Evan RobArts : Mondrian 3.0
An essay by Frédéric Caillard, August 2018
Frédéric Caillard examines the ins and outs of Evan Robarts signature Scaffold works.
Towards the end of his career, Mondrian’s abstractions became more rigid and started to reference New York City’s architecture. 75 years later, Evan Robarts, who lives and works in the Big Apple, is probably interested in what happened to those magnificent buildings that inspired Mondrian. It is not their geometric silhouettes nor their grid layouts that must retain Evan Robarts’ attention, but rather their long route into decay, the efforts they need to be maintained – for example by scaffolding them up and refreshing their paint. This is why under Robarts, Mondrian’s lines turn into scaffold poles and platforms. The poles and platforms are not placed on a canvas, but in front of an actual wall. They delimit wall sections, which are – like in Mondrian’s canvases – painted or left blank, with a fuzzy or solid edge.
Evan Robarts, 927 Lincoln Road, 2018 / scaffold and wall painting / ~200 x 300 cm. Courtesy Evan Robarts.

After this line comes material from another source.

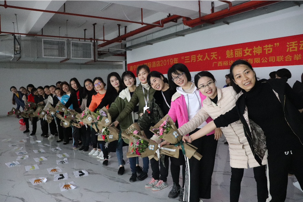为了让全体女职工度过一个和谐温馨、简单快乐的“三八”妇女节,进一步激发女职工爱岗敬业,锐意进取的工作热情,3月8日上午,南宁裕达国际酒店联合广西裕达投资有限公司及裕达集团总裁办在广东大厦38楼举办了以“三月女人天,魅力女神节”为主题的趣味活动。

The artistic idea is not a mere update of Mondrian’s practice, it is full of wit. Already long before his New York time, Mondrian drew his abstract compositions from real life elements, such as trees or building façades(1). With his scaffold works, Robarts retrieves Mondrian’s paintings from the abstract sphere and brings them back into three dimensional reality. It also transforms what is typically a painting tool (the scaffold) into a full-blown artistic media. The tool becomes embedded into the artwork, it dialogs with the underlying mural paint and provides a comprehensive visual package that encompasses both the making of the work and the finished work. The juxtaposition of the scaffold and the wall painting also questions the widely debated oppositions between artistic & commercial painting. The scaffolds can be seen as the overarching commercial forces that not only shape today’s art (by imposing the wall painting structure), but also stand between the art and the viewer, filtering the reception of the artworks. Another much discussed opposition -between handmade and industrial production – is addressed in the making of the Scaffold works. Robarts now and then applies the wall colors himself, but also happens to delegate the painting job, brilliantly blurring the line between the two production modes.
But one of the most important aspect of the Scaffold series is its social underlying. The used scaffolds, which bear impact marks and stains, obviously carry the history of renovated neighborhoods and of workers who sweated on them. When Robarts chooses to place his scaffold in front of a white gallery wall, he stages a confrontation of social classes: the working class vs. the upper class, the construction workers who built the luxurious high-rises that inspired Mondrian vs. their rich inhabitants who collect art. Can abstract art be disconnected from reality? Robarts answer is quite clear: there is no such thing as pure art. The people and their memory are here to haunt any attempt to put them aside. Even Mondrian’s iconic position cannot hold.
Note
(1) It is interesting to note that one of the title of a 1914 Mondrian painting – as found in the French edition of the Phaïdon monography by John Milner – directly references scaffolds: Composition n°9 (échafaudage).
Main Illustration: Evan Robarts, Installation view of A bright cold day in April at Berthold Pott Gallery, Cologne, 2017. Courtesy Berthold Pott Gallery, Cologne, 2017. Photo Mareike Tocha.